- Date posted
- 2y
Spiraling again
This is like my third post in the last couple of days and everything just feels like it’s getting worse. The idea of comphet is messing with my head so badly at this point I don’t know what to believe about myself anymore. I found myself in a rabbit hole on Reddit and saw a post where on the subreddit offmychest where a man was ranting about how his wife was apparently gay the whole time and just admitted it to him and it broke him. Someone in the comments mentioned comphet and it is making me spiral.

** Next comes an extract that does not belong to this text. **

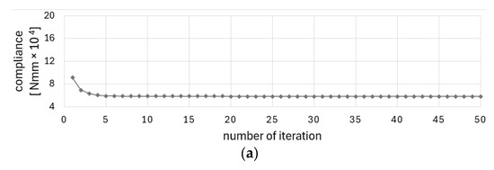 The optimization process started with design variables equal to 0.4 due to the assumed value of the volume fraction. The initial value of the compliance in this case was found to be equal to 9.364 × 108 Nmm. The final compliance reached the 6.575 × 108 Nmm value for the final topology illustrated in Figure 13.

It’s like every excuse I have for actually liking a guy is completely out the window, I always come up with a rebuttal as to why I didn’t actually like them and it’s just me convincing myself I did. Some of the posts were against the concept of comphet but between that and aesthetic attraction vs. sexual I feel like I’m losing it at this point. I just feel like my whole life has been a lie. Usually my ocd will go away eventually but this time the thoughts are so much worse than ever before and feel so unbelievably real. I don’t even remember what it feels like to be attracted to a guy like I used to be. And my head is telling me I never was, even though how can something that made me happy just not exist? I’m so tired. I don’t know why this has to happen in my brain, and why I can’t be so sure like I thought I used to be. But now I don’t even know that anymore. If I was going to like the same sex I wish I could’ve just been that since I was a child and lived with it instead of it coming on now. I feel defeated and like a liar to myself. It feels like the thoughts have finally won.